On the Stress Tensor Light-ray Operator Algebra

TL;DR

This paper investigates the algebra of generalized light-ray operators involving stress tensors in four-dimensional conformal field theories, revealing a subalgebra structure, non-commutativity issues, and holographic dual descriptions with shockwave solutions.

Contribution

It introduces a detailed analysis of the algebra of generalized ANEC operators, identifying a global subalgebra and exploring non-commutativity in free and holographic CFTs with new bulk shockwave solutions.

Findings

Identifies a global subalgebra of light-ray operators that annihilates the vacuum.

Shows non-commutativity of operators at spacelike separation in free theories.

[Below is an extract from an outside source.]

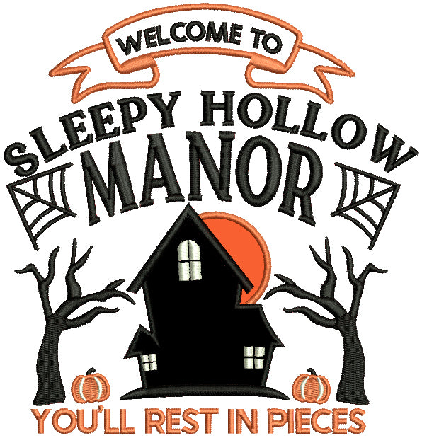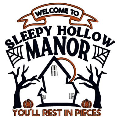 Welcome To Sleepy Hollow Manor You'll Rest In Pieces Haunted House Halloween Applique Machine Embroidery Design Digitized Pattern

Constructs new bulk shockwave solutions dual to boundary operator insertions.

Abstract

We study correlation functions involving generalized ANEC operators of the form $\int dx^- \left(x^-\right)^{n+2} T_{--}(\vec{x})$ in four dimensions. We compute two, three, and four-point functions involving external scalar states in both free and holographic Conformal Field Theories. From this information, we extract the algebra of these light-ray operators. We find a global subalgebra spanned by $n=\{-2, -1, 0, 1, 2\}$ which annihilate the conformally invariant vacuum and transform among themselves under the action of the collinear conformal group that preserves the light-ray. Operators outside this range give rise to an infinite central term, in agreement with previous suggestions in the literature. In free theories, even some of the operators inside the global subalgebra fail to commute when placed at spacelike separation on the same null-plane. This lack of commutativity is not integrable, presenting an obstruction to the construction of a well defined light-ray algebra at coincident $\vec{x}$ coordinates. For holographic CFTs the behavior worsens and operators with $n \neq -2$ fail to commute at spacelike separation. We reproduce this result in the bulk of AdS where we present new exact shockwave solutions dual to the insertions of these (exponentiated) operators on the boundary.